By degrees, Barbara sat up, and wiped her eyes, and held the cool backs of her gloves to them. Her voice was still thick and damp when she asked, “William, could you -- come to visit again? Soon? Horatio can be so… thoughtless, sometimes. I’m finding it very difficult. And you really, truly have been a comfort to me.”

His shoulders straightened up, as if he were receiving an order from the Admiralty itself, and he said, “I couldn’t consider otherwise. Next weekend, then?”

\--

Bush left that night, for the fleet that was still his in Sheerness. After waving him off, Barbara decided that she would have to start being that impressive woman that William had observed, and  _ damn _ well stop ceding to Horatio so often.

* * *

Barbara gave Horatio peace until the next morning. His exercises were completed by 8:30, and she went to their room afterward, excusing Brown as she came in and sat down.

She took Horatio’s hand in both of hers, cradling it between them. She said, “Horatio, I must tell you that I have been very unhappy of late.”

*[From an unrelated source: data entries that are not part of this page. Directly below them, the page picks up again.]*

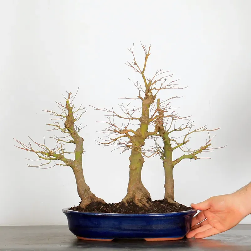 If you like bonsai groups and forests, palmatum maples are among the most suitable. It is the emblematic species for the creation of these compositions. With pinching and pruning, in a few years, you will get a magnificent branching.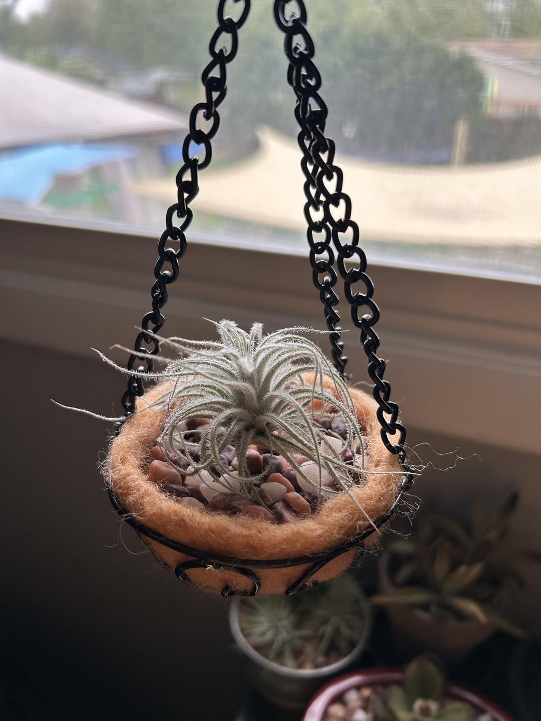 Made this mini coco liner hanging basket for one of my airplants :) this was a fun little project, the “coco” is needle felted and I bent the wire myself for the lil frame by cicadafate airplant Write A CommentYou must be logged in to post a comment.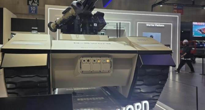 LIG넥스원이 전시회에서 공개한 G-소드는 궤도형 무인지상플랫폼으로, 터렛 장착형 기관포와 한국산 레이볼트(현궁) 대전차유도미사일을 동시에 운용할 수 있는 복합 화력체계를 특징으로 한다. 레이볼트는 LIG넥스원이 개발한 3세대 대전차미사일로, 적외선 영상 추적장치를 활용한 '발사 후 망각(fire-and-forget)' 기능과 반응장갑을 무력화하는 탠덤 탄두를 갖추고 있으며, 최대 사거리 2500m에서 900㎜ 이상의 관통력을 발휘한다.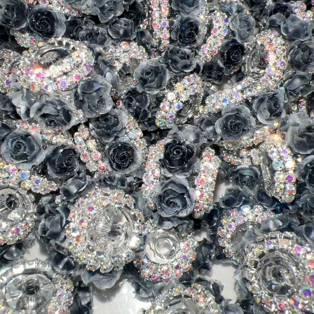 Rose Flower Holder Spacer Beads with Inlaid Rhinestones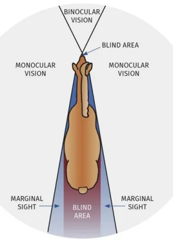 Większość pola widzenia konia to wizja monokularna - czyli widoczna pojedynczym okiem. W obszarze wizji monokularnej, konie nie są w stanie ocenić objętości obiektów i dystansu. Wizja binokularna konia, która pozwala na dokładniejsze, trójwymiarowe widzenie to ok. 60 stopni z przodu, gdzie pole widzenia obydwu oczu nachodzi na siebie.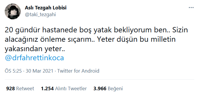 Özkısırlar’ın hastaneye yatmadan önce Twitter hesabından yaptığı paylaşımlar ise şöyleydi: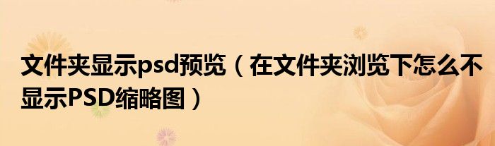 关于文件夹显示psd预览,在文件夹浏览下怎么不显示PSD缩略图这个很多人还不知道,今天菲菲来为大家解答以上的问题,现在让我们一起来看看吧!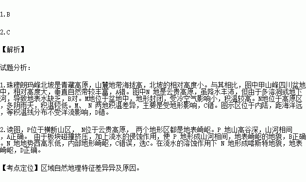 2.P、 N 所在地形区地表崎岖,其叙述错误的是( )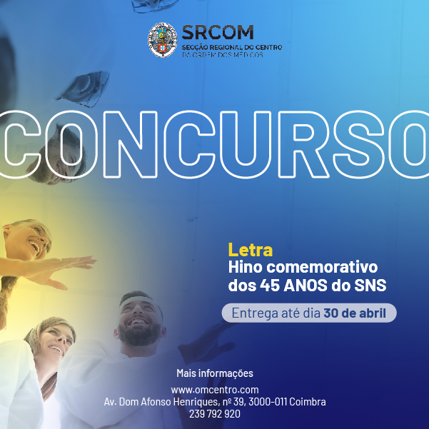 A Secção Regional do Centro da Ordem dos Médicos abre concurso para a criação da letra do Hino Comemorativo dos 45 anos do SNS, que será musicado pelo compositor Paulo Bernardino, maestro do Coro da SRCOM. O concurso tem como principal objetivo estimular a criação de originais para o hino do SNS.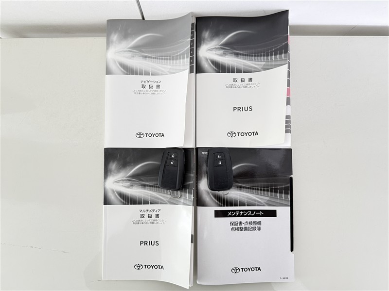 【取説とエンジンキー】スマートキーと取扱説明書です。スマートキーを携帯していれば、ドアノブに触れるだけでドアの解錠・施錠が可能です。取扱説明書では、車の機能もしっかり確認できます。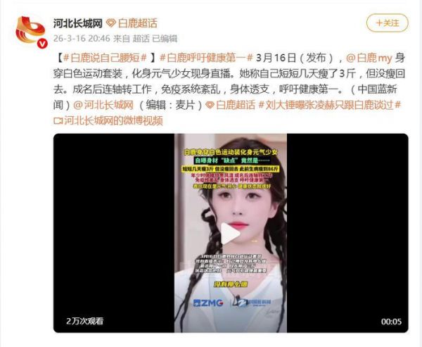 演員白鹿自曝“短短幾天瘦了三斤”,呼吁健康第一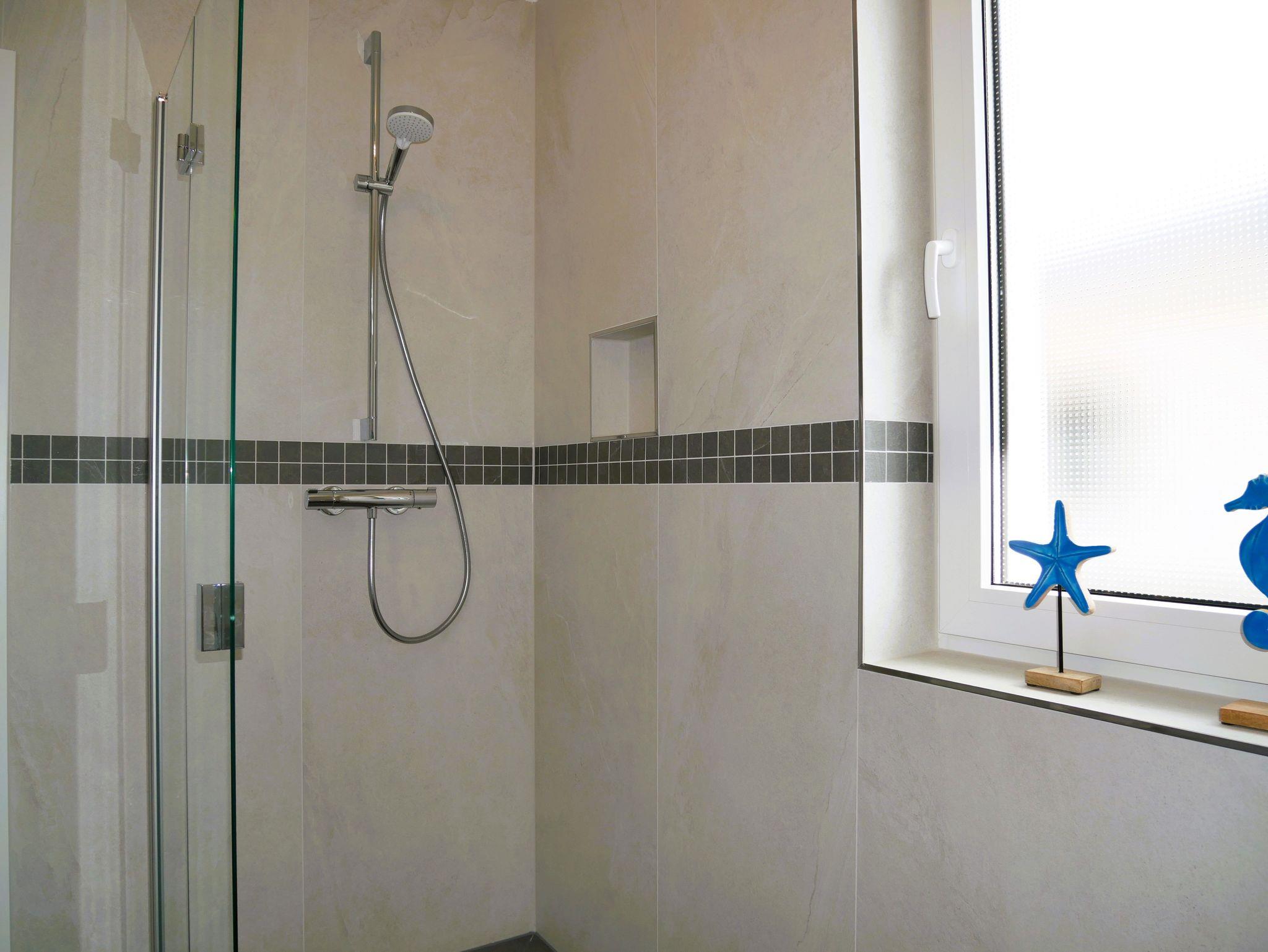 Das helle Tageslichtbad ist mit zwei Waschbecken, einem WC sowie einer ebenerdigen Dusche ausgestattet und verfügt über ein Fenster zur natürlichen Belüftung.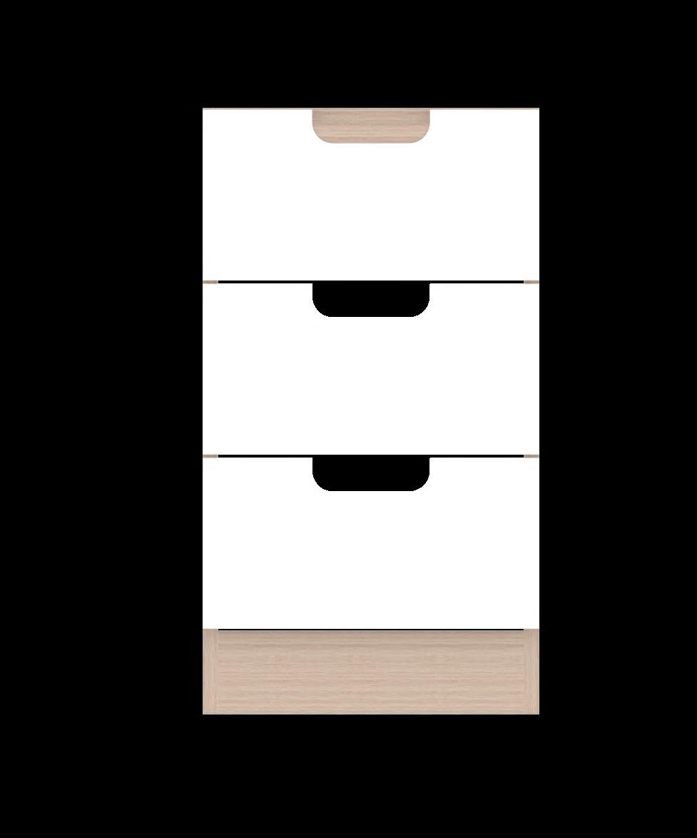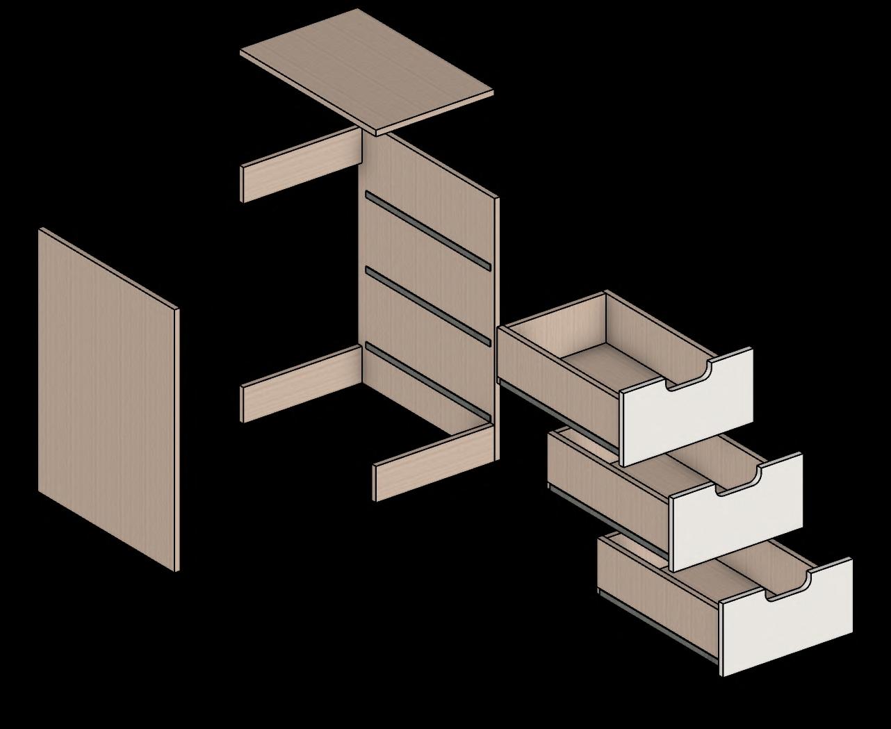 Cajones en MDF grosor 18mm, con frentes de cajón lacados en NCS S 0502-Y50R.
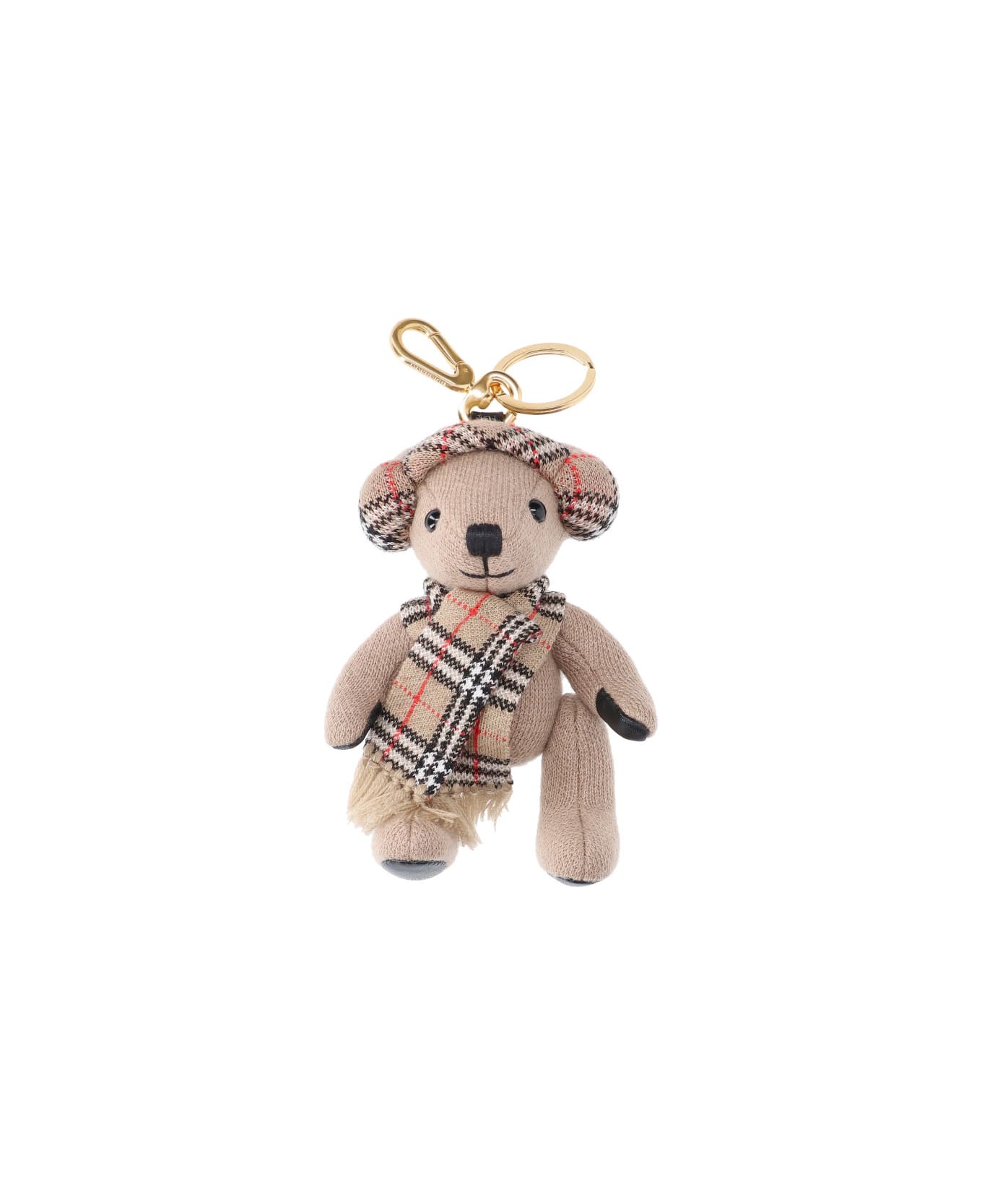 Burberry 'Thomas' bear keyring charm in multicolor wool and cashmere with check pattern, strap, gold metal tag, engraved logo detail, gold metal ring keyring, carabiner closure. Composition: 90% Wool, 10% Cashmere

Horatio reacted as he normally did around emotions; he cleared his throat uncomfortably. He acknowledged, “I did suspect so.”

“I’ve been unhappy because I have felt rejected by you,” she explained. “You wouldn’t let me help you in any way. You were horrible about that Bath chair. You even drew away from my touch, Horatio.”

“That wasn’t my intention,” he argued.

Barbara told him firmly, “That was the result.”

Horatio offered, “Then I must make it up to you somehow. Please, tell me what I can do.”

“This afternoon I will help you with your exercises,” she said.

He squirmed. “Very well.”

“And tomorrow morning?”

“Yes, if it will make you happy,” he conceded.

Barbara blew out a breath, relieved. It was the right answer, and she had worried that it would take much more to get it. She said, “My last condition is that you allow me to touch you. Hold you. And that you hold me in return. If that can be met, then I shall sleep in this bed with you tonight.”

Horatio grimaced at her, and told her, “I’m afraid my -- stamina -- is not really --”

“Don’t be silly, Horatio,” she said, and laughed at him. “I’m well aware of that. But I missed you terribly while you were gone.” In a tender moment, she brought his knuckles up to brush her cheek. “I miss you still.”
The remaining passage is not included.